┌──

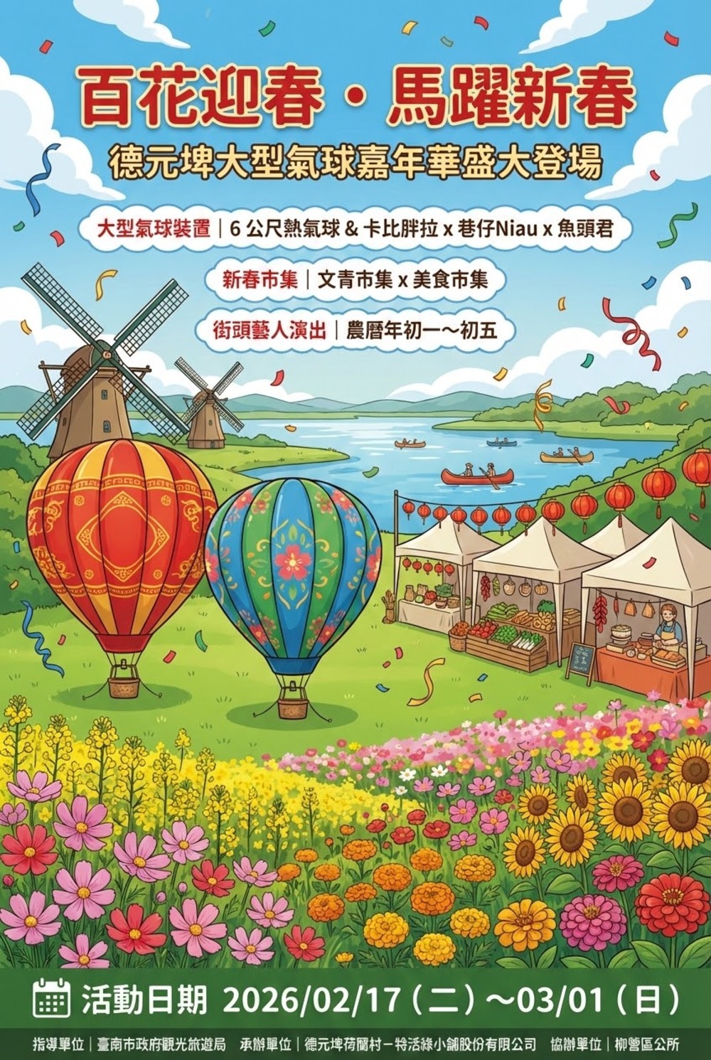 為迎接新春佳節,德元埤荷蘭村將於2月17日至3月1日舉辦「百花迎春・馬躍新春 德元埤大型氣球嘉年華」,2月15日至16日則為園區休園日。本次活動以大型氣球藝術裝置為主軸,結合人氣角色、百花花海景觀及主題化露營體驗,打造春節期間兼具視覺亮點、親子互動及療癒氛圍的節慶型園區活動,邀請民眾走春踏青,感受德元埤獨有的新年魅力。
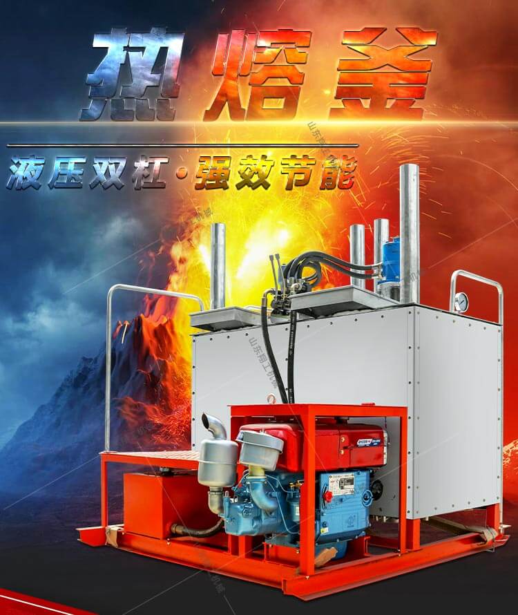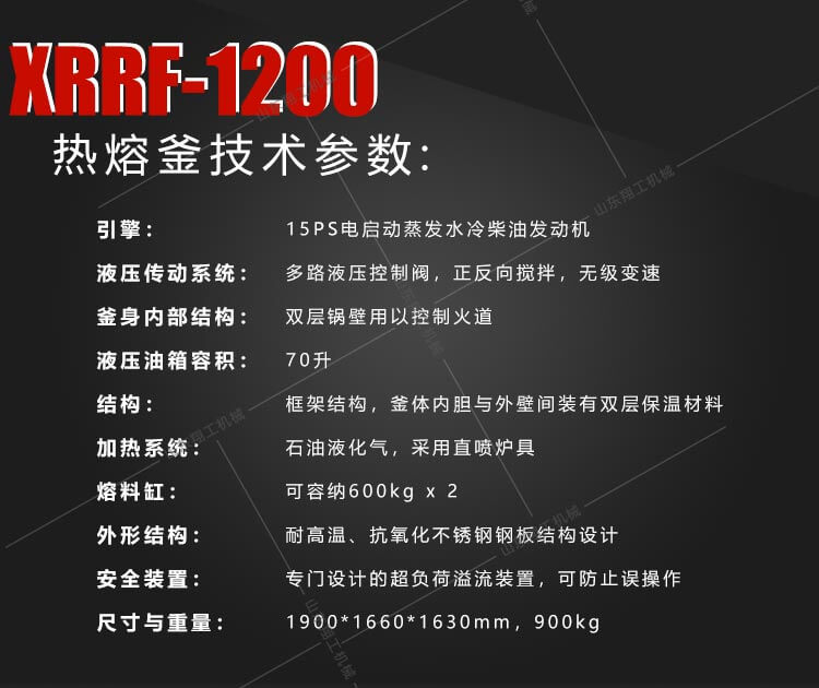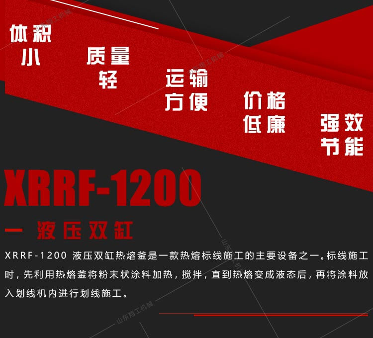 XG1200液壓雙缸熱熔釜是一款熱熔標(biāo)線施工的主要設(shè)備之一。標(biāo)線施工時(shí),先利用熱熔釜將粉末狀涂料加熱,攪拌,直到熱熔變成液態(tài)后,再將涂料放入劃線機(jī)內(nèi)進(jìn)行劃線施工。由于涂料的融化質(zhì)量直接關(guān)系到標(biāo)線質(zhì)量,因此熱熔釜是熱熔標(biāo)線設(shè)備的關(guān)鍵部件,是涂料的融化必不可少的部分。
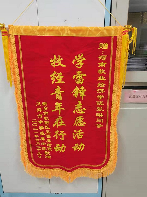 9月13日,新乡市牧野区五福养老院将绣有“学雷锋志愿活动 牧经青年在行动”“弘扬志愿精神 牧经青年在行动”字样的两面锦旗赠送给英国365集团,以此表达对20动医01班张琳、20动医05班李煜琦同学的感谢。
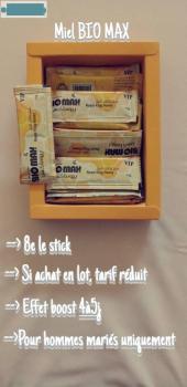Salem 3aleykoum je vend du miel bio max. Il regroupe plusieurs bienfaits pour la santé comme les défenses immunitaire, améliore la circulation du sang, la mémoire, lutte contre le cholosterol, améliore la digestion. Il a un rôle important dans les rapports intimes. Il lutte contre la fertilité, améliore le spermatozoïde etc...
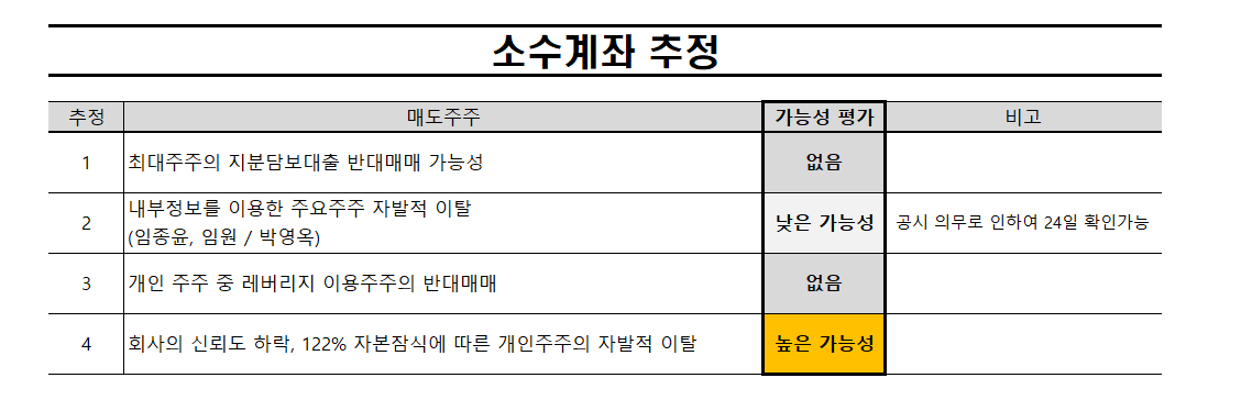 이들의 최초 이탈일을 17일로 생각할 경우 주요주주들은 모두 24일 까지는 매도 보고서를 공시해야만 합니다. 다음주면 나오겠지만 이들이 이탈했을 가능성은 굉장히 낮은 수준이라고 생각합니다. 낮은 가능성이지만 24일 18시까지 기다려보면 공시기한 마감으로 인하여 매각했는지 여부를 확인 가능할 것 입니다.
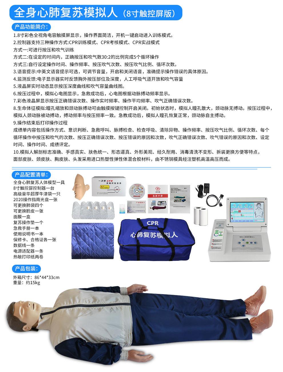 Simulador de reanimación cardiopulmonar con pantalla de 8 pulgadas, compresiones torácicas, respiración artificial, maniquí de entrenamiento de primeros auxilios

└──

— Instructions for the task —
Please quote the lines of the material, beginning with the first and ending with the one that contains "Salem 3aleykoum je", exactly as written and without any pictures.

— Expected answer —
 為迎接新春佳節,德元埤荷蘭村將於2月17日至3月1日舉辦「百花迎春・馬躍新春 德元埤大型氣球嘉年華」,2月15日至16日則為園區休園日。本次活動以大型氣球藝術裝置為主軸,結合人氣角色、百花花海景觀及主題化露營體驗,打造春節期間兼具視覺亮點、親子互動及療癒氛圍的節慶型園區活動,邀請民眾走春踏青,感受德元埤獨有的新年魅力。
 XG1200液壓雙缸熱熔釜是一款熱熔標(biāo)線施工的主要設(shè)備之一。標(biāo)線施工時(shí),先利用熱熔釜將粉末狀涂料加熱,攪拌,直到熱熔變成液態(tài)后,再將涂料放入劃線機(jī)內(nèi)進(jìn)行劃線施工。由于涂料的融化質(zhì)量直接關(guān)系到標(biāo)線質(zhì)量,因此熱熔釜是熱熔標(biāo)線設(shè)備的關(guān)鍵部件,是涂料的融化必不可少的部分。
 9月13日,新乡市牧野区五福养老院将绣有“学雷锋志愿活动 牧经青年在行动”“弘扬志愿精神 牧经青年在行动”字样的两面锦旗赠送给英国365集团,以此表达对20动医01班张琳、20动医05班李煜琦同学的感谢。
Salem 3aleykoum je vend du miel bio max. Il regroupe plusieurs bienfaits pour la santé comme les défenses immunitaire, améliore la circulation du sang, la mémoire, lutte contre le cholosterol, améliore la digestion. Il a un rôle important dans les rapports intimes. Il lutte contre la fertilité, améliore le spermatozoïde etc...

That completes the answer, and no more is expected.